**How to complete this task**
Print the listing below again, exactly. Skip the pictures.
[Raw data Boundary: Start]
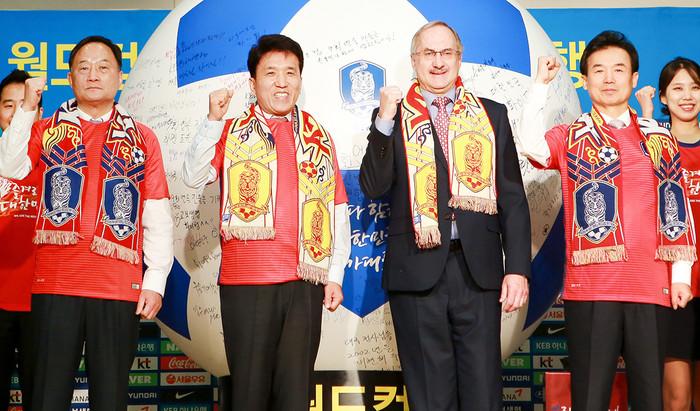 함영주 KEB하나은행장은 국민들이 월드컵 9회 연속 본선진출을 염원하며 응원의 메시지를 자필로 담은 대형 축구공을 붉은악마 회원들과 함께 슈틸리케 감독에게 전달하며 승리를 기원했다.
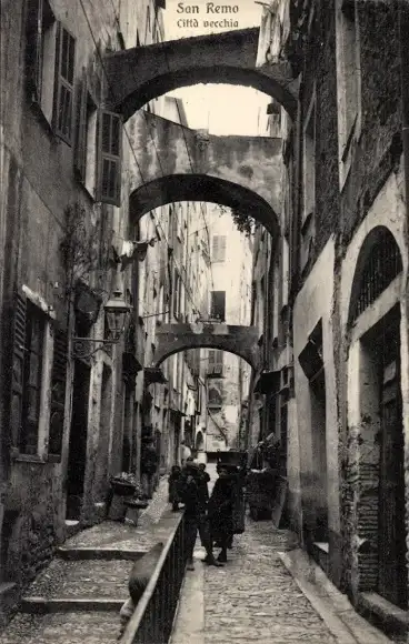 Ak San Remo Ligurien, Straßenpartie, Torbögen
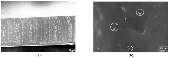SEM analysis of the polyurea-polyurethane-MWCNTs nanocomposite films: (a) in cross-section; (b) from the top.
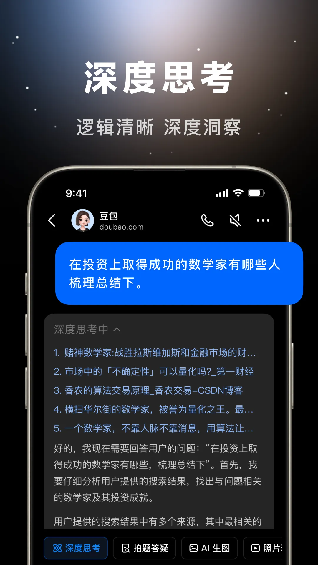 3、能力出色:深度思考,逻辑缜密,回答细致全面,还有精准拍照识图功能。
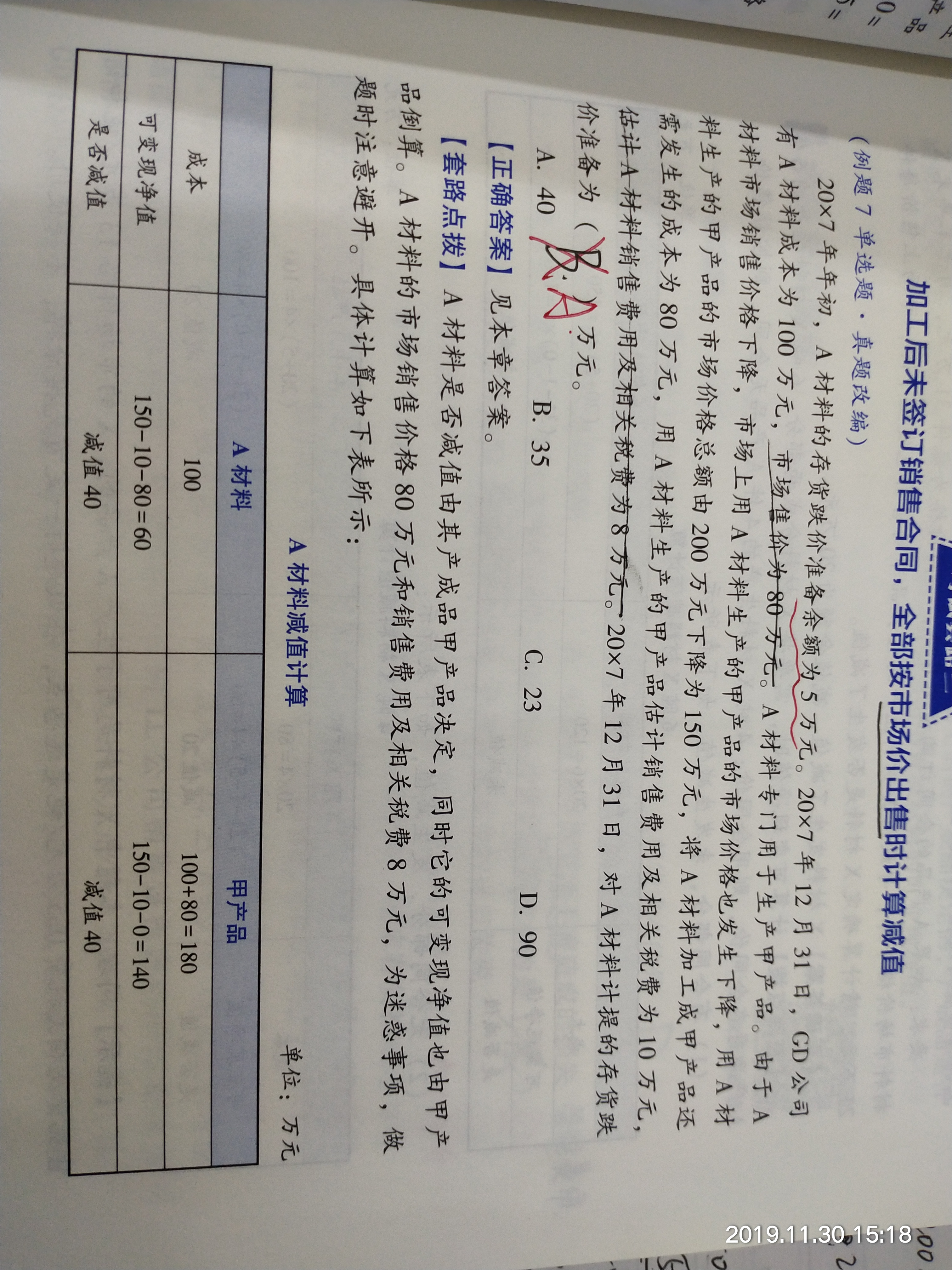 老师,这个题存货跌价准备为5万元,最后应计提的跌价准备不是应该用算出来的40减去5等于35吗?为什么还是40?
[Raw data Boundary: End]
**Result of this task**
 함영주 KEB하나은행장은 국민들이 월드컵 9회 연속 본선진출을 염원하며 응원의 메시지를 자필로 담은 대형 축구공을 붉은악마 회원들과 함께 슈틸리케 감독에게 전달하며 승리를 기원했다.
 Ak San Remo Ligurien, Straßenpartie, Torbögen
SEM analysis of the polyurea-polyurethane-MWCNTs nanocomposite films: (a) in cross-section; (b) from the top.
 3、能力出色:深度思考,逻辑缜密,回答细致全面,还有精准拍照识图功能。
 老师,这个题存货跌价准备为5万元,最后应计提的跌价准备不是应该用算出来的40减去5等于35吗?为什么还是40?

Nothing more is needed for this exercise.